In
January 1965, a quiz show, TUG-O-WAR, was shoe-horned into
Studio A-1. John
Conrad, better known for the show ELMER THE ELEPHANT,
served as MC. Kenny Hermann, the stagehand who worked the
elephant's trunk, was part of the crew. The two cameras were
in quarters so tight they could not move.
A-1 shared cameras
and the control room with Studio A. It was used for small setups and voice-over
work when the staging crews were setting and lighting programs in A.
Studio A-1 became
STUDIO Q in 1974. In another attempt to snatch videotape commercial business,
Paul Ballentine came in from a production house to set up Cue Productions. A hard
cyclorama, found in most commercial houses, was constructed to serve as a background.
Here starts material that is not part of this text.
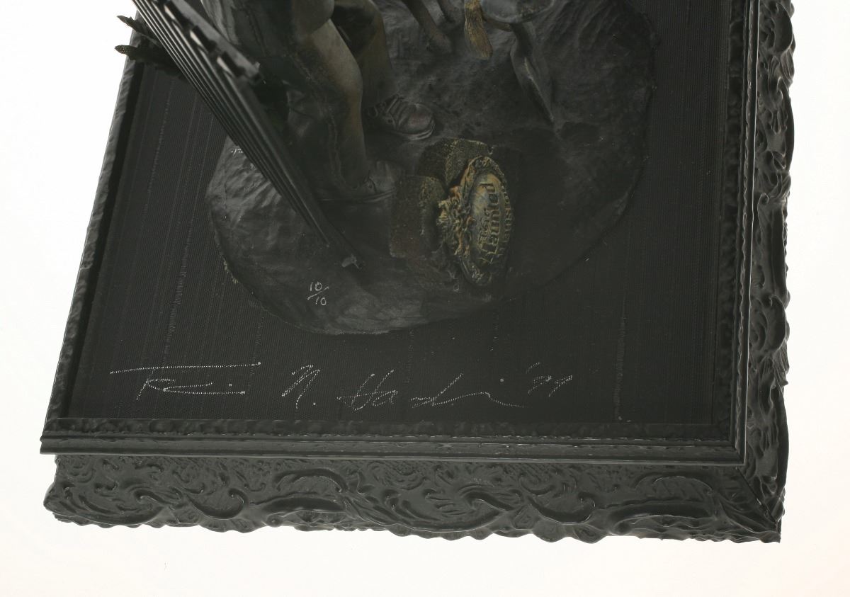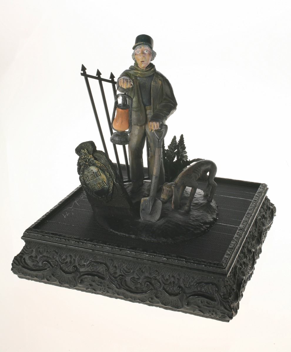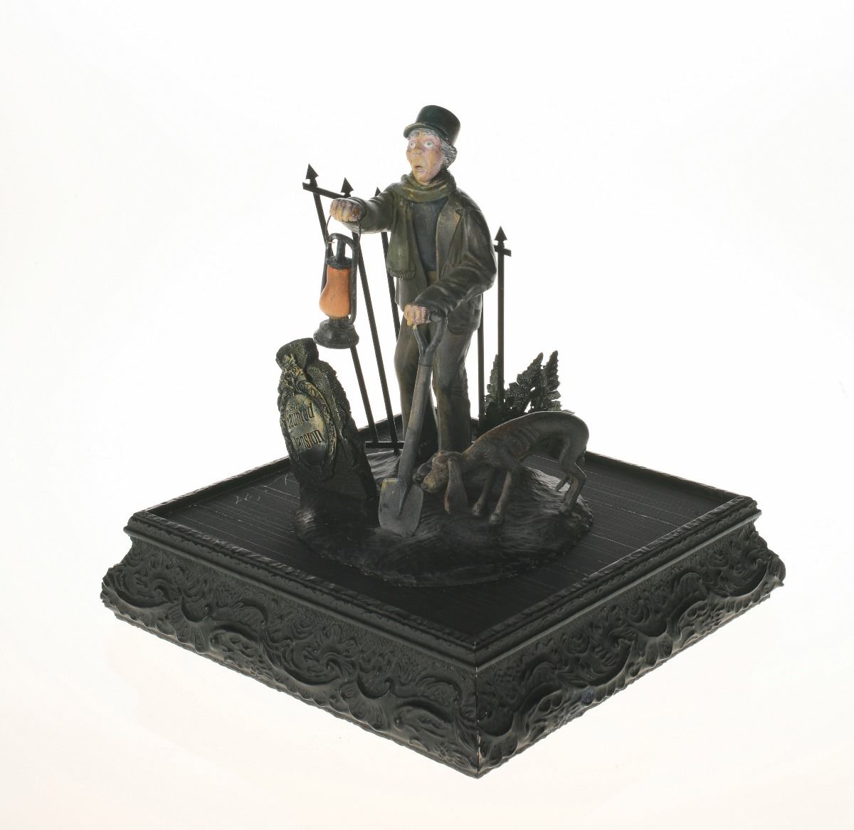 (Disneyland, 1999) Beautiful cast resin sculpture of the Haunted Mansion's Caretaker and Dog by artist Terri Hardin. This impressively detailed sculpture was released in 1999 in an edition size of only 10 pieces. Measures 8.5"x7"x7" including base and plexiglass cover. In fine condition.

The advantage of a cyc is that it can be "painted" with lights and serves as a
great generic background. Single camera film style production was now de rigueur
with adverting agencies. The studio was designed as a stand alone facility with
the camera cabled to a dedicated videotape recorder, set in the entrance way between
Q and A.
Ballentine had
great expectations. He wanted to land national commercials, with $100,000 budgets
that built Chevrolets on the tops of mountains. I tried to convince Paul that
we would do better to produce ten $10,000 commercials. We never built a mountain
top Chevrolet. Our regular clients, such as Goldblatts, left us, as they were
not properly serviced. By July 1976, Cue Productions was a thing of the past,
and commercial production was never again seriously attempted at WMAQ-TV.